Exercise requirements -
Could you repeat all of the entries word for word, minus any pictures?

[Records from a data collection]
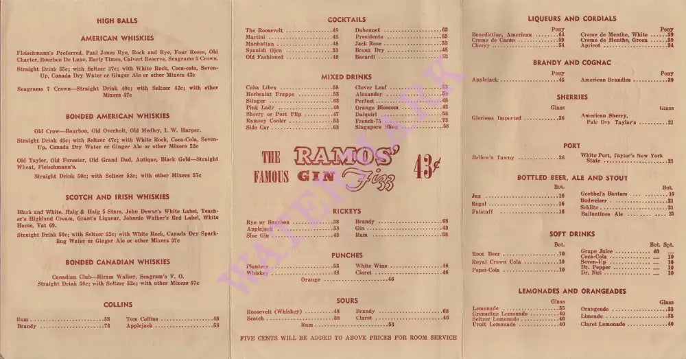 Cocktails, rickeys, punches, sours and high balls were on this drinks list from the Hotel New Orleans, Louisiana, in 1945. The star of the show, however, was the famous Ramos’ Gin Fizz which cost 43c at that time.
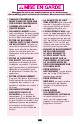 Cuidado y mantenimiento s NO LAVE EL ASIENTO A MÁQUINA. Solamente debe limpiarse con un jabón suave, teniendo en cuenta que no se empape la tela. NO USE BLANQUEADOR. s EL ASIENTO REMOVIBLE (si así está equipado) puede lavarse a máquina en agua fria en el ciclo delicado y secarse al aire. NO USE BLANQUEADOR. s PARA LIMPIAR EL ARMAZÓN DEL COCHECITO, usar solamente jabón de uso doméstico y agua tibia. NO USE CLORO o detergente.
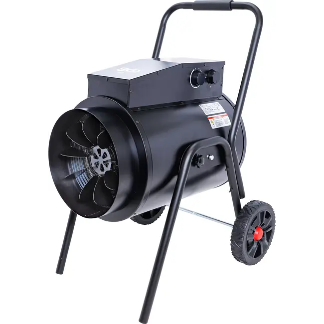 BGS elektrische heteluchtverwarmer 15 kW, verrijdbaar met transportwagen. Geschikt voor grote ruimtes en bouwwerven. 2 standen en thermostaat, krachtstroom. Lees meer.
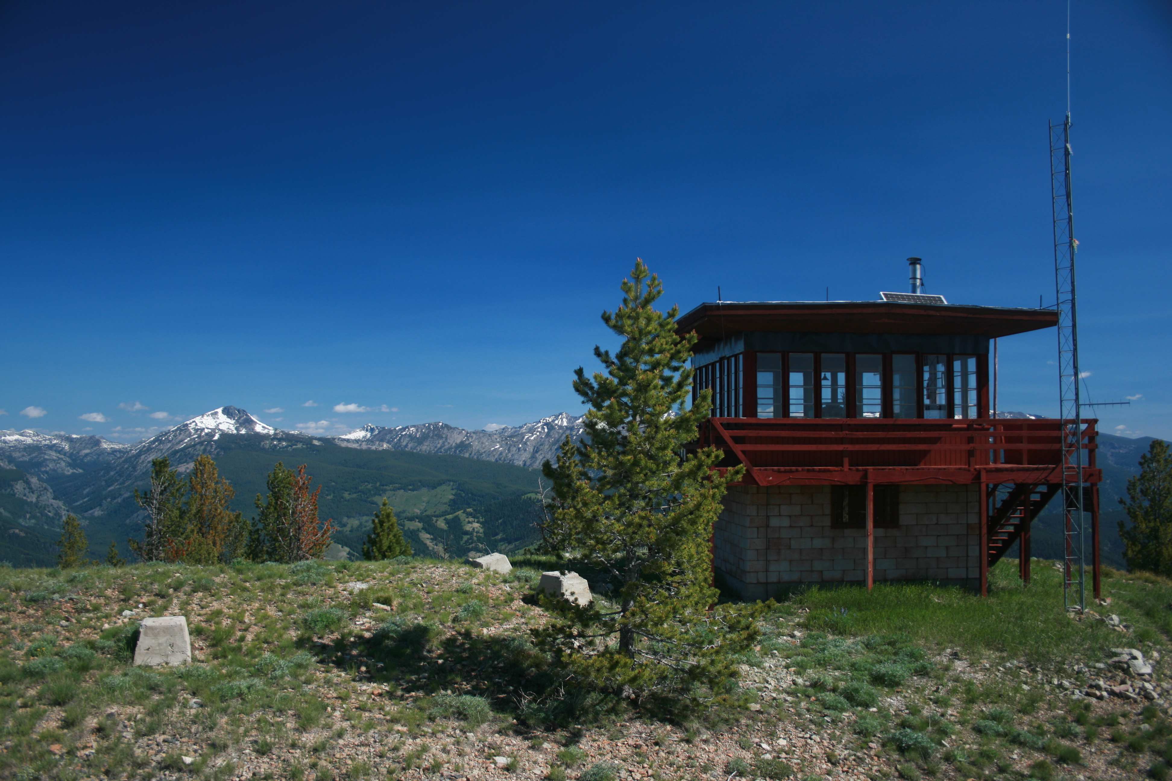 There is ample room away from the lookout structure to set up wire antennas using whitebark pine trees, snags or bring along a pole. Much of the south side of the summit is open grassland. The north side is tree covered. The summit is a rarer grid square, DN25.
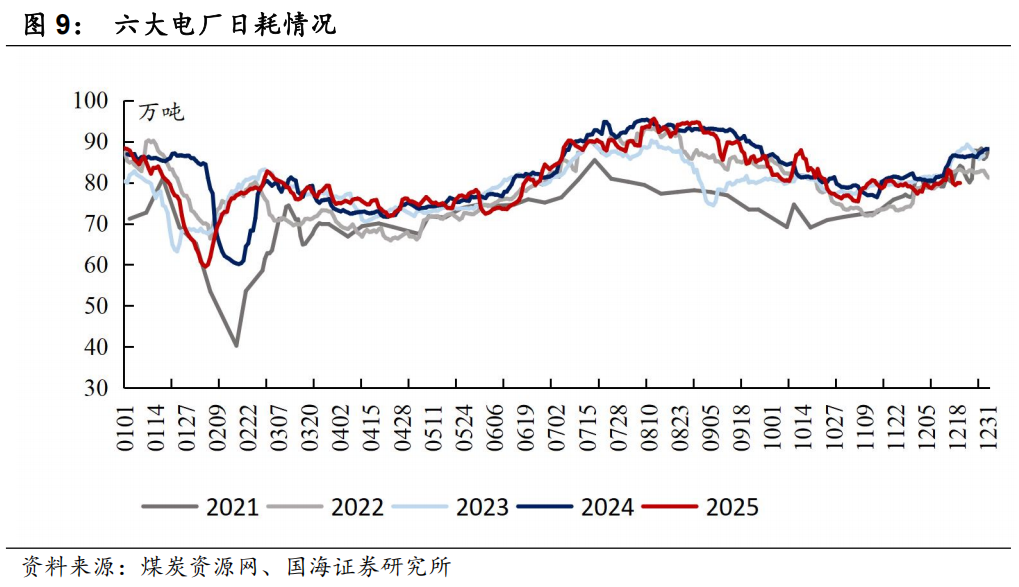 本周六大电厂日耗环比下降:截至12月19日,六大电厂日耗为80.0万吨,周环比下降0.6万吨。

Exercise result -
 Cocktails, rickeys, punches, sours and high balls were on this drinks list from the Hotel New Orleans, Louisiana, in 1945. The star of the show, however, was the famous Ramos’ Gin Fizz which cost 43c at that time.
 Cuidado y mantenimiento s NO LAVE EL ASIENTO A MÁQUINA. Solamente debe limpiarse con un jabón suave, teniendo en cuenta que no se empape la tela. NO USE BLANQUEADOR. s EL ASIENTO REMOVIBLE (si así está equipado) puede lavarse a máquina en agua fria en el ciclo delicado y secarse al aire. NO USE BLANQUEADOR. s PARA LIMPIAR EL ARMAZÓN DEL COCHECITO, usar solamente jabón de uso doméstico y agua tibia. NO USE CLORO o detergente.
 BGS elektrische heteluchtverwarmer 15 kW, verrijdbaar met transportwagen. Geschikt voor grote ruimtes en bouwwerven. 2 standen en thermostaat, krachtstroom. Lees meer.
 There is ample room away from the lookout structure to set up wire antennas using whitebark pine trees, snags or bring along a pole. Much of the south side of the summit is open grassland. The north side is tree covered. The summit is a rarer grid square, DN25.
 本周六大电厂日耗环比下降:截至12月19日,六大电厂日耗为80.0万吨,周环比下降0.6万吨。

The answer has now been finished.